WHAT IS NEEDED: Data follows below. Repeat exactly the lines between the line holding "Kaart van Zeeland, bestaande uit negen delen" and the line holding "hatıra fotoğrafı çektirdi.", inclusive, and nothing more; drop pictures.

RECORDS PROVIDED START

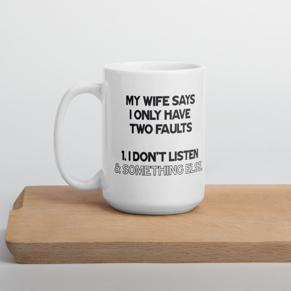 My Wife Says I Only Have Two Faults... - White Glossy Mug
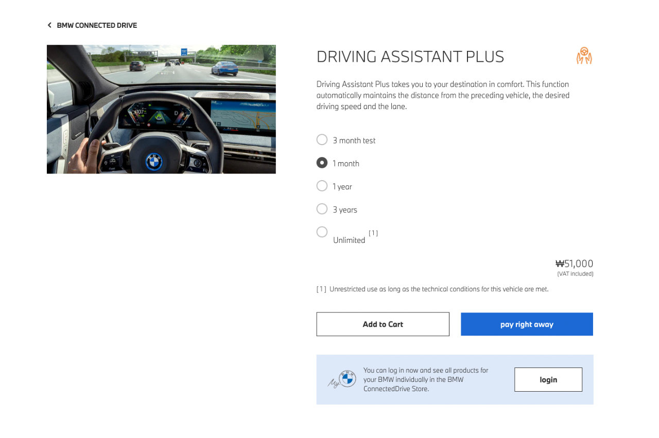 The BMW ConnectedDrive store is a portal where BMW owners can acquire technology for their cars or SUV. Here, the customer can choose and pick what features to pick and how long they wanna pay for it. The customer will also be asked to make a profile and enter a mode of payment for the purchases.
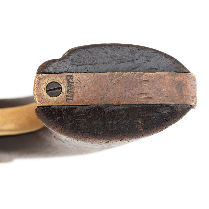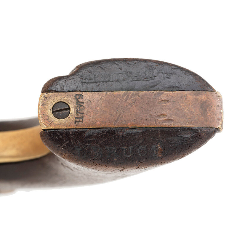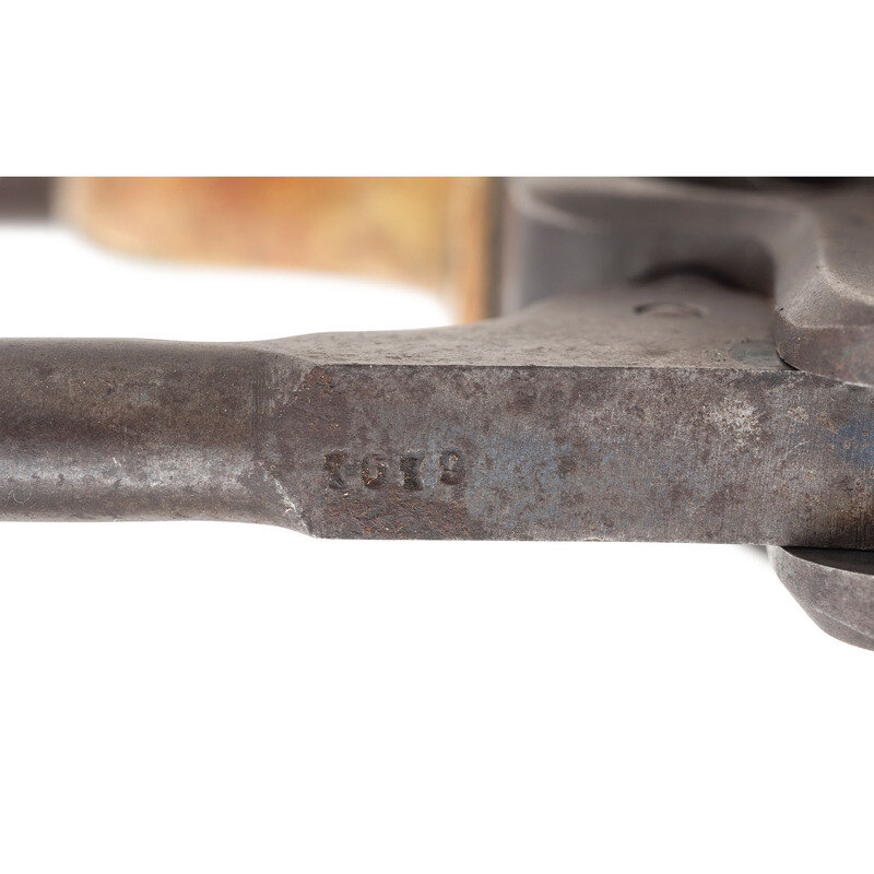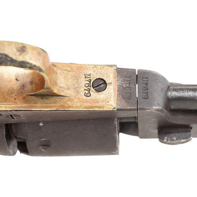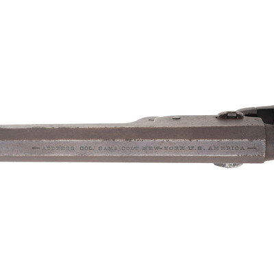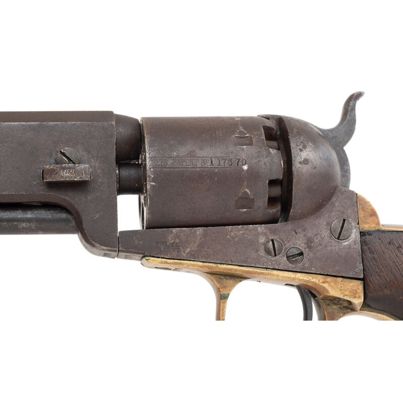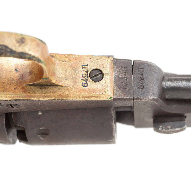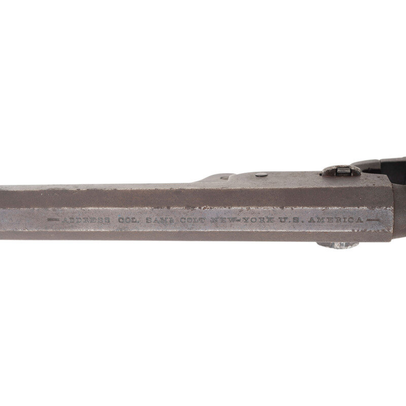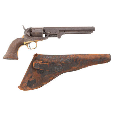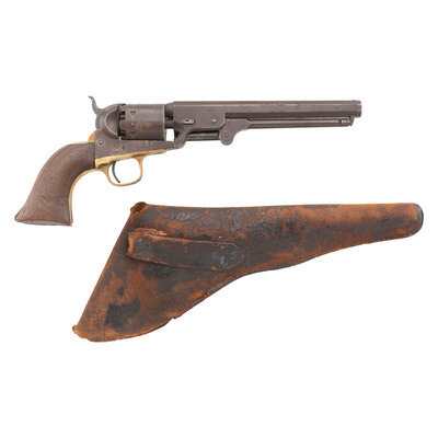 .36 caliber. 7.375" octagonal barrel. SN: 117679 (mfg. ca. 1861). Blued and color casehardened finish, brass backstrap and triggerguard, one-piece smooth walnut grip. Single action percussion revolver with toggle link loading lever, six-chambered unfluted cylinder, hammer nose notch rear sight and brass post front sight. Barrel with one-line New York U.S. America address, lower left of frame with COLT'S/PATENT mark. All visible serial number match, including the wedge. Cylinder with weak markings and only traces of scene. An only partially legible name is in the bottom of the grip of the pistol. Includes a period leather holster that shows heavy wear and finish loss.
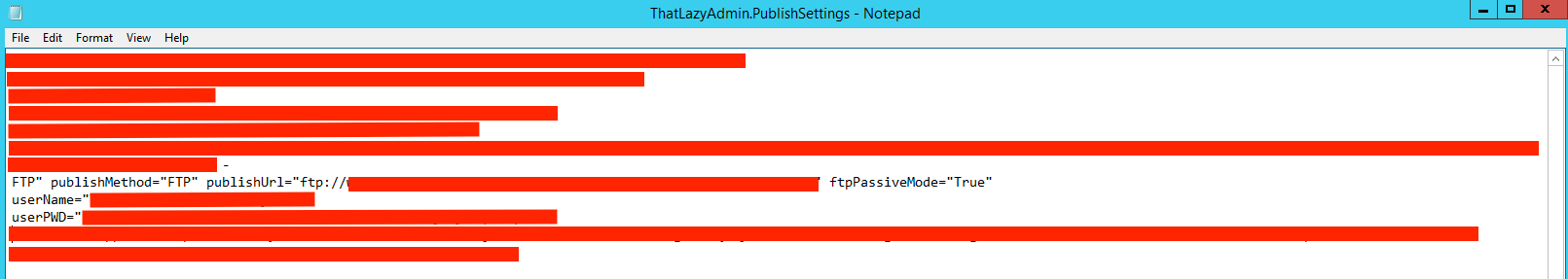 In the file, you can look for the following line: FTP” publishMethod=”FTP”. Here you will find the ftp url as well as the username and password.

RECORDS PROVIDED END
RECORDS PROVIDED START

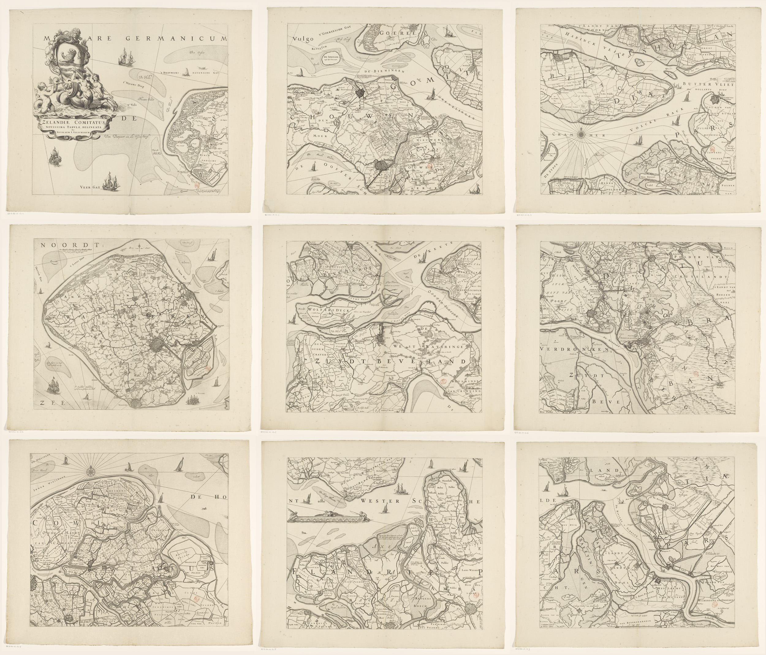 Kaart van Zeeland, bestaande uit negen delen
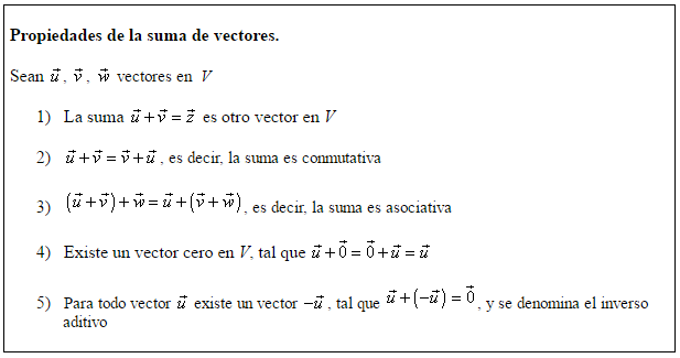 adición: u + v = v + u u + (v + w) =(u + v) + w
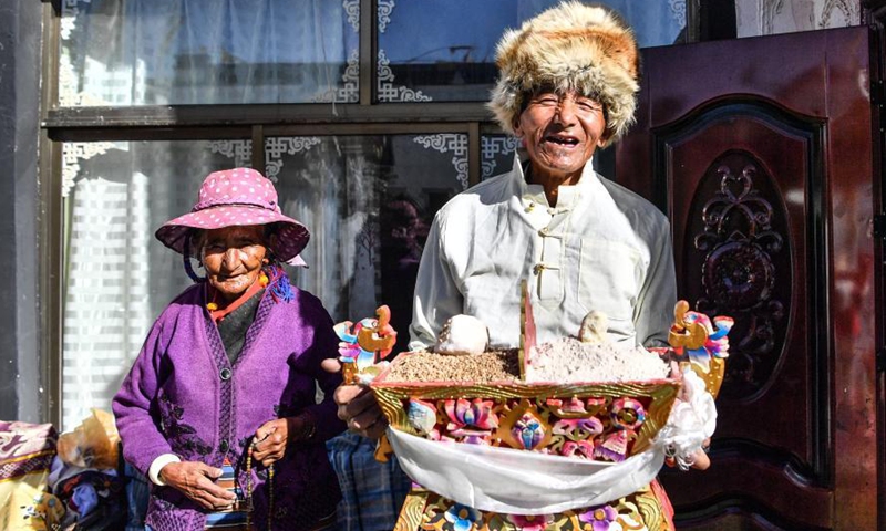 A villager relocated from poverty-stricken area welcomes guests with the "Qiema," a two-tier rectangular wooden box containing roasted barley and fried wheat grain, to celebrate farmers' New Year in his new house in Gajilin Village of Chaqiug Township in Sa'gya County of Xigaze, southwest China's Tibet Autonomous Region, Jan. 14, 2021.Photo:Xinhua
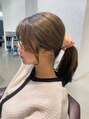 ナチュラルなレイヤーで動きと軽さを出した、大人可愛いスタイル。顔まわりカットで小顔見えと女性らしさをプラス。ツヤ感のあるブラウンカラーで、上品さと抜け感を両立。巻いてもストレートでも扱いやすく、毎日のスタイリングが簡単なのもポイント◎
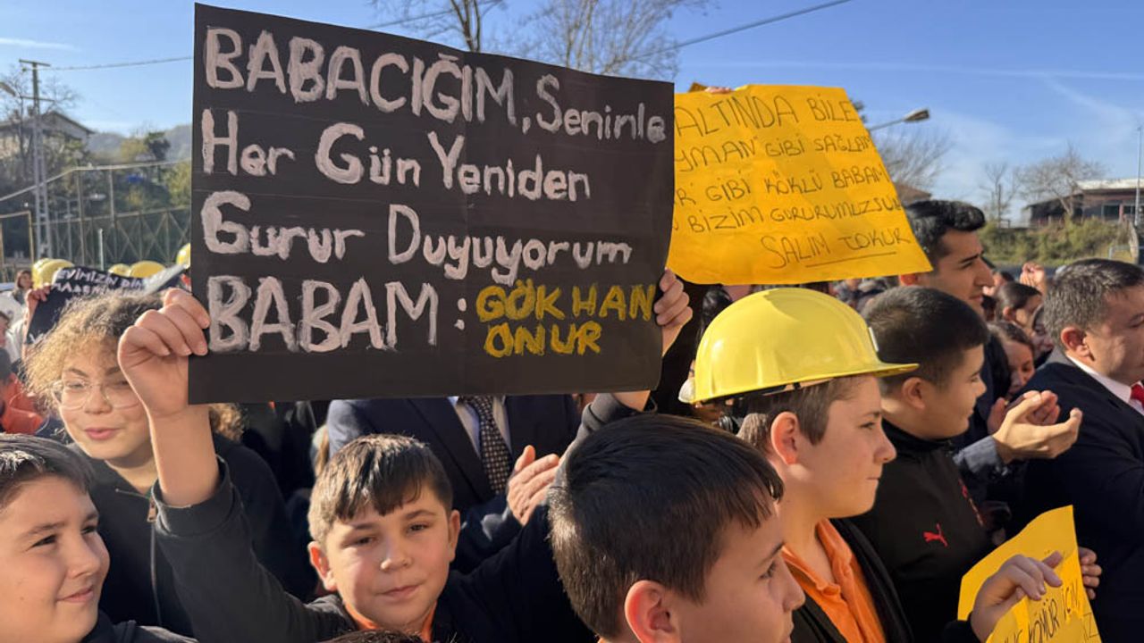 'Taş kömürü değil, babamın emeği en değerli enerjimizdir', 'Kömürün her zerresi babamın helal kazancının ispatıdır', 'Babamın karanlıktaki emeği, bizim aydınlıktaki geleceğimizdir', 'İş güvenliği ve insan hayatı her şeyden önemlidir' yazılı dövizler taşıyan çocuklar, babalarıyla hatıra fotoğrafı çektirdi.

RECORDS PROVIDED END

OUTPUT OF THE TASK:
 Kaart van Zeeland, bestaande uit negen delen
 adición: u + v = v + u u + (v + w) =(u + v) + w
 A villager relocated from poverty-stricken area welcomes guests with the "Qiema," a two-tier rectangular wooden box containing roasted barley and fried wheat grain, to celebrate farmers' New Year in his new house in Gajilin Village of Chaqiug Township in Sa'gya County of Xigaze, southwest China's Tibet Autonomous Region, Jan. 14, 2021.Photo:Xinhua
 ナチュラルなレイヤーで動きと軽さを出した、大人可愛いスタイル。顔まわりカットで小顔見えと女性らしさをプラス。ツヤ感のあるブラウンカラーで、上品さと抜け感を両立。巻いてもストレートでも扱いやすく、毎日のスタイリングが簡単なのもポイント◎
 'Taş kömürü değil, babamın emeği en değerli enerjimizdir', 'Kömürün her zerresi babamın helal kazancının ispatıdır', 'Babamın karanlıktaki emeği, bizim aydınlıktaki geleceğimizdir', 'İş güvenliği ve insan hayatı her şeyden önemlidir' yazılı dövizler taşıyan çocuklar, babalarıyla hatıra fotoğrafı çektirdi.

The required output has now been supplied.